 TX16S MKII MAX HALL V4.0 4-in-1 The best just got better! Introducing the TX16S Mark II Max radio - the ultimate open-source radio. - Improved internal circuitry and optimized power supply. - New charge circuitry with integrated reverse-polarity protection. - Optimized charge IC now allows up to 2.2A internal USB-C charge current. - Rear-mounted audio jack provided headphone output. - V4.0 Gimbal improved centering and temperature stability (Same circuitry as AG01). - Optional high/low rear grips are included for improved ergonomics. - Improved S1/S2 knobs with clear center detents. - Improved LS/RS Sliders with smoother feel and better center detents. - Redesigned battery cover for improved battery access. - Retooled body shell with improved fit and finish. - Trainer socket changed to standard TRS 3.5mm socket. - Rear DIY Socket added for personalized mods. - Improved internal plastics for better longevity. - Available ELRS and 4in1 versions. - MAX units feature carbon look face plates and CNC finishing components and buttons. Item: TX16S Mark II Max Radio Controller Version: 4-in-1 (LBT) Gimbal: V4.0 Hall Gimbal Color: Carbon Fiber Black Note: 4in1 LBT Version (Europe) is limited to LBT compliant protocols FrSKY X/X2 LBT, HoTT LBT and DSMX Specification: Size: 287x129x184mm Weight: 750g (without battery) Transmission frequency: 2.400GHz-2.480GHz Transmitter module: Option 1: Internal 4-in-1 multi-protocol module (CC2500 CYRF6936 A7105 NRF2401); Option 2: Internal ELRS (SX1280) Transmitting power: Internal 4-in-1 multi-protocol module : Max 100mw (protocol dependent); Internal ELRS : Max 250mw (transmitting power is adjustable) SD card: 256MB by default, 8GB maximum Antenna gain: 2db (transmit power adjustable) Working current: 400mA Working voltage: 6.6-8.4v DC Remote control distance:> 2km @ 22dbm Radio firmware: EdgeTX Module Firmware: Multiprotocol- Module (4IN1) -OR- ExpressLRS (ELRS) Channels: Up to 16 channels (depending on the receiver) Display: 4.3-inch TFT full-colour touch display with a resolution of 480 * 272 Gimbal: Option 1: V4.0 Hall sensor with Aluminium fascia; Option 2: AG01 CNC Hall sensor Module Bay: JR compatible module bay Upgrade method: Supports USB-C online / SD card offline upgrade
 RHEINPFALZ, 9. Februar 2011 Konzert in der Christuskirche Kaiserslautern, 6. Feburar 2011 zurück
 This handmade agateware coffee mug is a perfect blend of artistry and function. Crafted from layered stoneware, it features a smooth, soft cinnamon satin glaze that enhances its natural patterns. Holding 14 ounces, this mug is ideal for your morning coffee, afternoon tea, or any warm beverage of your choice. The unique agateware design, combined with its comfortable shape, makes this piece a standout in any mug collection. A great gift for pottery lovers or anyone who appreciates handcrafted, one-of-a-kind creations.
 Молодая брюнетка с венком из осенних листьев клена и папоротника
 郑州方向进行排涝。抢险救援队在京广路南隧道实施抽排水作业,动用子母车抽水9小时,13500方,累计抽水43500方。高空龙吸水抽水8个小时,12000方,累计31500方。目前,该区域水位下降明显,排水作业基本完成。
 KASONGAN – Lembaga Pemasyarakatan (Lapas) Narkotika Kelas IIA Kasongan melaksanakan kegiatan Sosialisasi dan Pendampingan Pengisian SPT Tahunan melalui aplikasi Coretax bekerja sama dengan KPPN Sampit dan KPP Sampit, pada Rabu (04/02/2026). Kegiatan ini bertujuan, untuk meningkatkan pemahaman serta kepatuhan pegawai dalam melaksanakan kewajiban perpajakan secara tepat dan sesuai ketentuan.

○ ○ ○ ○ ○

Your task is to quote the listing above word for word.

### Output below
 TX16S MKII MAX HALL V4.0 4-in-1 The best just got better! Introducing the TX16S Mark II Max radio - the ultimate open-source radio. - Improved internal circuitry and optimized power supply. - New charge circuitry with integrated reverse-polarity protection. - Optimized charge IC now allows up to 2.2A internal USB-C charge current. - Rear-mounted audio jack provided headphone output. - V4.0 Gimbal improved centering and temperature stability (Same circuitry as AG01). - Optional high/low rear grips are included for improved ergonomics. - Improved S1/S2 knobs with clear center detents. - Improved LS/RS Sliders with smoother feel and better center detents. - Redesigned battery cover for improved battery access. - Retooled body shell with improved fit and finish. - Trainer socket changed to standard TRS 3.5mm socket. - Rear DIY Socket added for personalized mods. - Improved internal plastics for better longevity. - Available ELRS and 4in1 versions. - MAX units feature carbon look face plates and CNC finishing components and buttons. Item: TX16S Mark II Max Radio Controller Version: 4-in-1 (LBT) Gimbal: V4.0 Hall Gimbal Color: Carbon Fiber Black Note: 4in1 LBT Version (Europe) is limited to LBT compliant protocols FrSKY X/X2 LBT, HoTT LBT and DSMX Specification: Size: 287x129x184mm Weight: 750g (without battery) Transmission frequency: 2.400GHz-2.480GHz Transmitter module: Option 1: Internal 4-in-1 multi-protocol module (CC2500 CYRF6936 A7105 NRF2401); Option 2: Internal ELRS (SX1280) Transmitting power: Internal 4-in-1 multi-protocol module : Max 100mw (protocol dependent); Internal ELRS : Max 250mw (transmitting power is adjustable) SD card: 256MB by default, 8GB maximum Antenna gain: 2db (transmit power adjustable) Working current: 400mA Working voltage: 6.6-8.4v DC Remote control distance:> 2km @ 22dbm Radio firmware: EdgeTX Module Firmware: Multiprotocol- Module (4IN1) -OR- ExpressLRS (ELRS) Channels: Up to 16 channels (depending on the receiver) Display: 4.3-inch TFT full-colour touch display with a resolution of 480 * 272 Gimbal: Option 1: V4.0 Hall sensor with Aluminium fascia; Option 2: AG01 CNC Hall sensor Module Bay: JR compatible module bay Upgrade method: Supports USB-C online / SD card offline upgrade
 RHEINPFALZ, 9. Februar 2011 Konzert in der Christuskirche Kaiserslautern, 6. Feburar 2011 zurück
 This handmade agateware coffee mug is a perfect blend of artistry and function. Crafted from layered stoneware, it features a smooth, soft cinnamon satin glaze that enhances its natural patterns. Holding 14 ounces, this mug is ideal for your morning coffee, afternoon tea, or any warm beverage of your choice. The unique agateware design, combined with its comfortable shape, makes this piece a standout in any mug collection. A great gift for pottery lovers or anyone who appreciates handcrafted, one-of-a-kind creations.
 Молодая брюнетка с венком из осенних листьев клена и папоротника
 郑州方向进行排涝。抢险救援队在京广路南隧道实施抽排水作业,动用子母车抽水9小时,13500方,累计抽水43500方。高空龙吸水抽水8个小时,12000方,累计31500方。目前,该区域水位下降明显,排水作业基本完成。
 KASONGAN – Lembaga Pemasyarakatan (Lapas) Narkotika Kelas IIA Kasongan melaksanakan kegiatan Sosialisasi dan Pendampingan Pengisian SPT Tahunan melalui aplikasi Coretax bekerja sama dengan KPPN Sampit dan KPP Sampit, pada Rabu (04/02/2026). Kegiatan ini bertujuan, untuk meningkatkan pemahaman serta kepatuhan pegawai dalam melaksanakan kewajiban perpajakan secara tepat dan sesuai ketentuan.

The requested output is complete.